What is being asked
Print the entries verbatim, leaving out the images they contain.

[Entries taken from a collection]
******************************
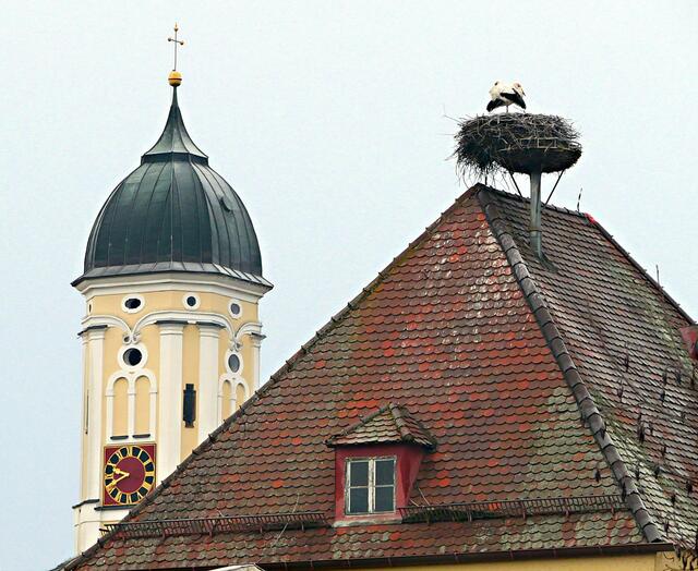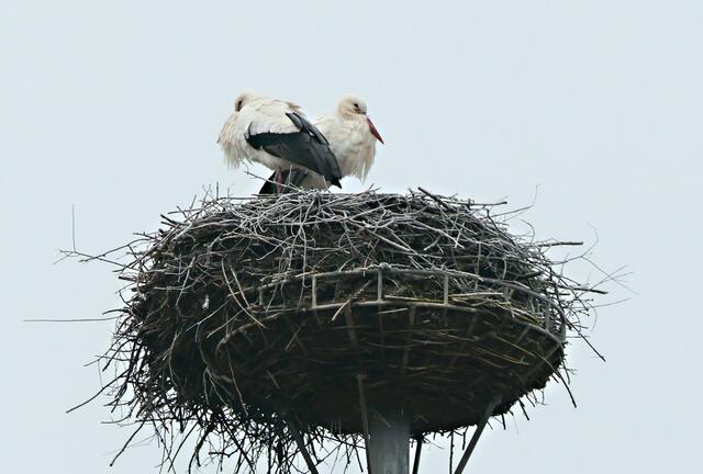 ... frösteln auch die Störche auf der Batzenhofener Mühle noch ein bißchen und kuscheln sich eng aneinander. Aber mit solchen Temperaturen kommen sie noch gut zurecht und wenig später treffe ich sie in einer Wiese bei der Futtersuche.
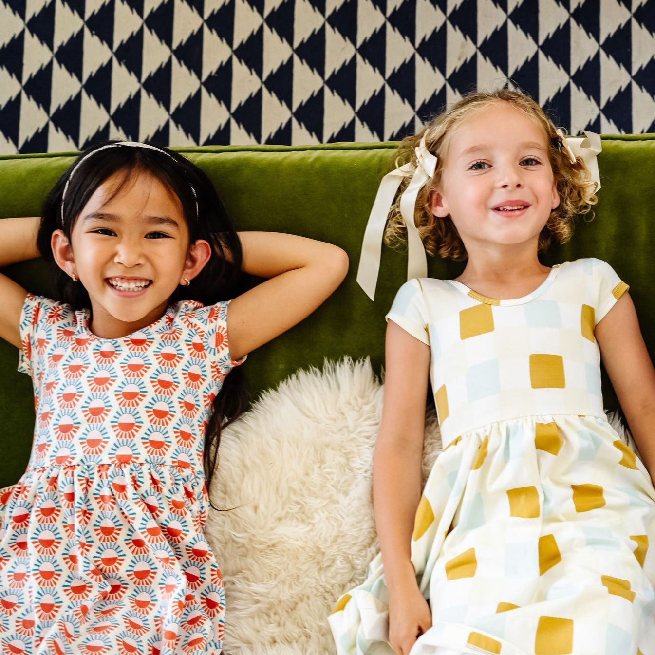 The dress that started it all because of its famous twirl‚ but with a shorter, flowy sleeve for summer time. Our signature stretchy-soft fabric, circle skirt, and scooped back will become an instant staple in her closet.
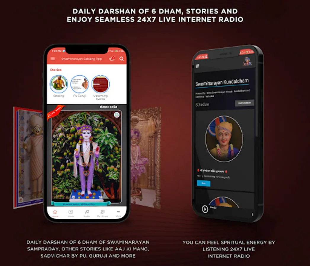 This application is a digital gateway to a collection of engaging, inspirational, and authentic Katha (spiritual discourses), uplifting Kirtans (devotional songs), mesmerizing Dhun (spiritual chant), Sadgranths (spiritual Books), spiritual blogs, audiobooks, and various collections of 3D Animation, Daily Darshan (images of Almighty lord of different pilgrimage places), Shibir-Mahotsav, Chandan na Vagha, Cultural Programs, Telefilms, Yatra-Pravas, Awareness, Hindola-Abhishek and other digital media of the Swaminarayan sect.
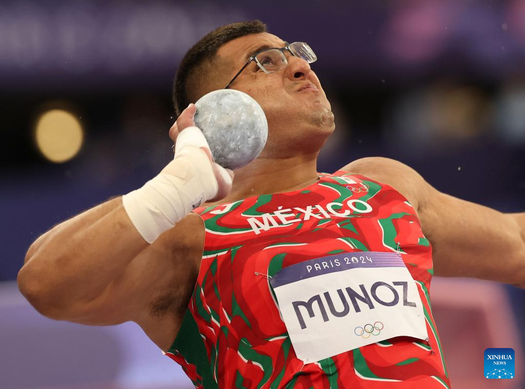Uziel Munoz of Mexico competes during the men's shot put final of athletics at the Paris 2024 Olympic Games in Paris, France, Aug. 3, 2024. (Xinhua/Li Ming)
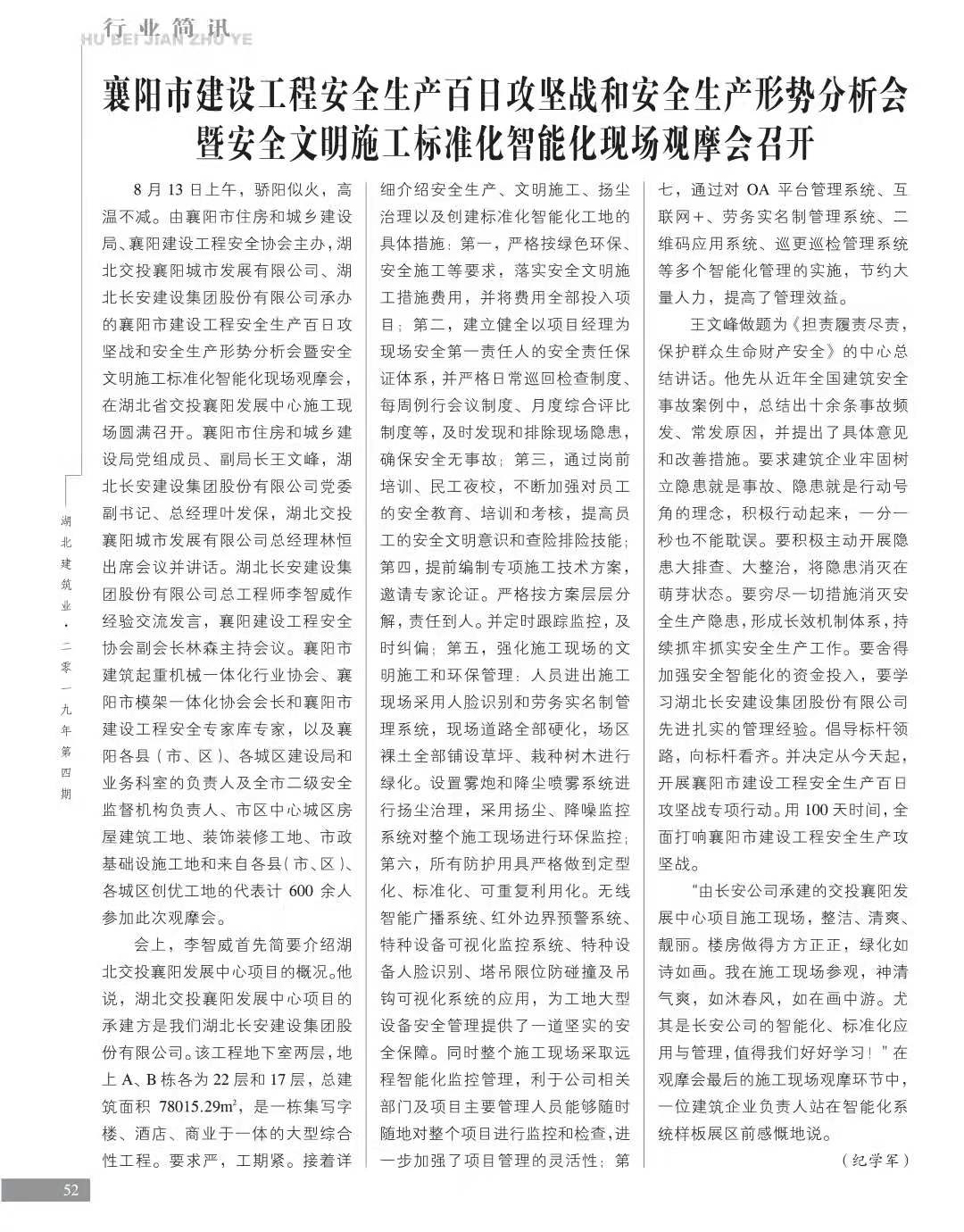 襄陽市建設(shè)工程安全生產(chǎn)百日攻堅戰(zhàn)和安全生產(chǎn)形勢分析會暨安全文明施工標準化智能化現(xiàn)場觀摩會召開
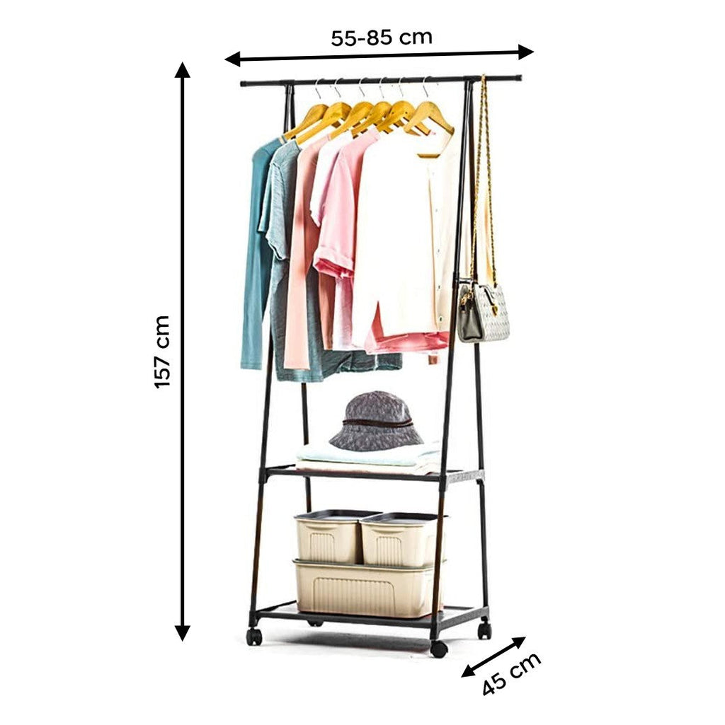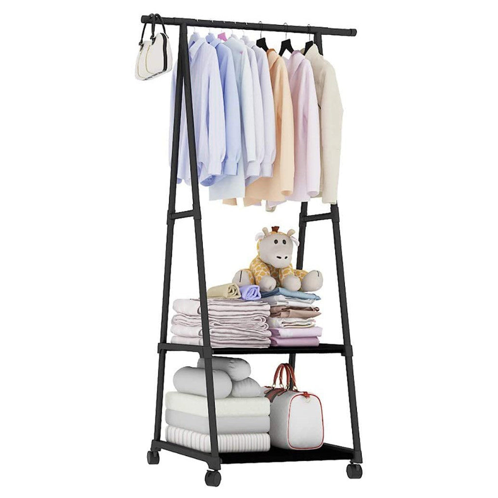 Porte-manteau sur pied avec étagère à chaussures de rangement en acier avec roues
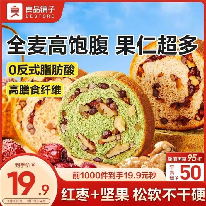良品铺子 坚果車轮吐司500g
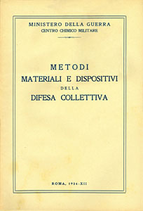 MINISTERO DELLA GUERRA. CENTRO CHIMICO MILITARE, Metodi materiali e dispositivi della difesa collettiva, Roma, s.e., 1934-XII, spill., pp 18, f.to 16,8x24,3. (ITA)
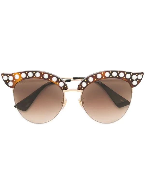 Lunettes de soleil à ornements en acétate marron Gucci Eyewear avec ornement en perle, monture ovale et effet écaille de tortue. Ce produit est vendu dans une boîte de protection.
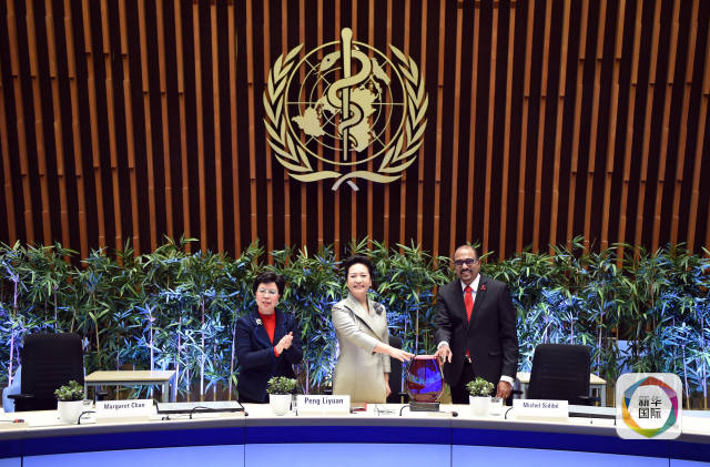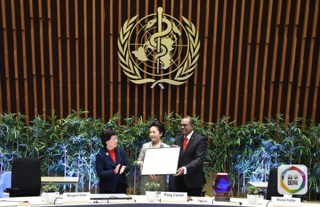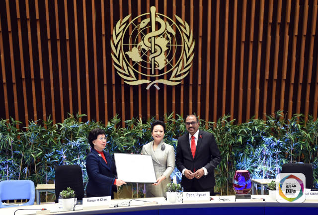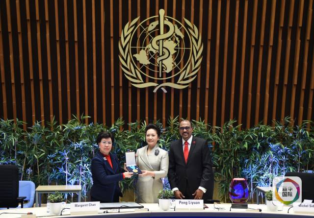 1月18日,國家主席習(xí)近平夫人、世界衛(wèi)生組織結(jié)核病和艾滋病防治親善大使彭麗媛應(yīng)世界衛(wèi)生組織總干事陳馮富珍和聯(lián)合國艾滋病規(guī)劃署執(zhí)行主任西迪貝邀請,在瑞士日內(nèi)瓦出席為她舉行的親善大使任期續(xù)延暨頒獎儀式。這是世界衛(wèi)生組織總干事陳馮富珍向彭麗媛頒發(fā)世衛(wèi)組織榮譽勛章。(新華社記者謝環(huán)馳攝)
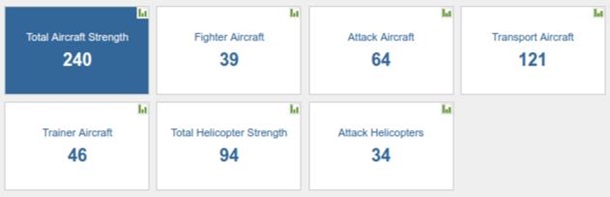 В рейтинге указываетя, что у Украины есть истребители, штурмовики, бомбардировщики, транспортные, учебно-тренировочные самолеты и вертолеты.
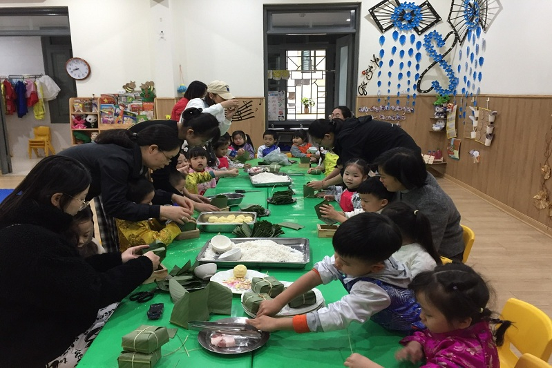 Ngày hội đã diễn ra trong không khí vui tươi, ấm áp và đầy ý nghĩa, với sự tham gia tích cực của quý phụ huynh, sự chuẩn bị chu đáo của đội ngũ giáo viên và sự hào hứng của các bé. Tại chương trình, các bé được trực tiếp tham gia vào các công đoạn phù hợp với lứa tuổi như rửa lá, xếp lá, cho gạo, đậu…, dưới sự hướng dẫn tận tình của giáo viên và cha mẹ học sinh. Qua đó, trẻ không chỉ được trải nghiệm hoạt động thực tế mà còn hiểu thêm về ý nghĩa của bánh chưng trong ngày Tết truyền thống Việt Nam.
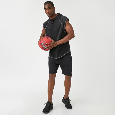 "Black solid mid-rise sports shorts with reflective print, has an elasticated waistband with drawstring closure, 2 pockets
******************************
Expected output
 ... frösteln auch die Störche auf der Batzenhofener Mühle noch ein bißchen und kuscheln sich eng aneinander. Aber mit solchen Temperaturen kommen sie noch gut zurecht und wenig später treffe ich sie in einer Wiese bei der Futtersuche.
 The dress that started it all because of its famous twirl‚ but with a shorter, flowy sleeve for summer time. Our signature stretchy-soft fabric, circle skirt, and scooped back will become an instant staple in her closet.
 This application is a digital gateway to a collection of engaging, inspirational, and authentic Katha (spiritual discourses), uplifting Kirtans (devotional songs), mesmerizing Dhun (spiritual chant), Sadgranths (spiritual Books), spiritual blogs, audiobooks, and various collections of 3D Animation, Daily Darshan (images of Almighty lord of different pilgrimage places), Shibir-Mahotsav, Chandan na Vagha, Cultural Programs, Telefilms, Yatra-Pravas, Awareness, Hindola-Abhishek and other digital media of the Swaminarayan sect.
Uziel Munoz of Mexico competes during the men's shot put final of athletics at the Paris 2024 Olympic Games in Paris, France, Aug. 3, 2024. (Xinhua/Li Ming)
 襄陽市建設(shè)工程安全生產(chǎn)百日攻堅戰(zhàn)和安全生產(chǎn)形勢分析會暨安全文明施工標準化智能化現(xiàn)場觀摩會召開
 Porte-manteau sur pied avec étagère à chaussures de rangement en acier avec roues
良品铺子 坚果車轮吐司500g
 MINISTERO DELLA GUERRA. CENTRO CHIMICO MILITARE, Metodi materiali e dispositivi della difesa collettiva, Roma, s.e., 1934-XII, spill., pp 18, f.to 16,8x24,3. (ITA)
 Lunettes de soleil à ornements en acétate marron Gucci Eyewear avec ornement en perle, monture ovale et effet écaille de tortue. Ce produit est vendu dans une boîte de protection.
 1月18日,國家主席習(xí)近平夫人、世界衛(wèi)生組織結(jié)核病和艾滋病防治親善大使彭麗媛應(yīng)世界衛(wèi)生組織總干事陳馮富珍和聯(lián)合國艾滋病規(guī)劃署執(zhí)行主任西迪貝邀請,在瑞士日內(nèi)瓦出席為她舉行的親善大使任期續(xù)延暨頒獎儀式。這是世界衛(wèi)生組織總干事陳馮富珍向彭麗媛頒發(fā)世衛(wèi)組織榮譽勛章。(新華社記者謝環(huán)馳攝)
 В рейтинге указываетя, что у Украины есть истребители, штурмовики, бомбардировщики, транспортные, учебно-тренировочные самолеты и вертолеты.
 Ngày hội đã diễn ra trong không khí vui tươi, ấm áp và đầy ý nghĩa, với sự tham gia tích cực của quý phụ huynh, sự chuẩn bị chu đáo của đội ngũ giáo viên và sự hào hứng của các bé. Tại chương trình, các bé được trực tiếp tham gia vào các công đoạn phù hợp với lứa tuổi như rửa lá, xếp lá, cho gạo, đậu…, dưới sự hướng dẫn tận tình của giáo viên và cha mẹ học sinh. Qua đó, trẻ không chỉ được trải nghiệm hoạt động thực tế mà còn hiểu thêm về ý nghĩa của bánh chưng trong ngày Tết truyền thống Việt Nam.
 "Black solid mid-rise sports shorts with reflective print, has an elasticated waistband with drawstring closure, 2 pockets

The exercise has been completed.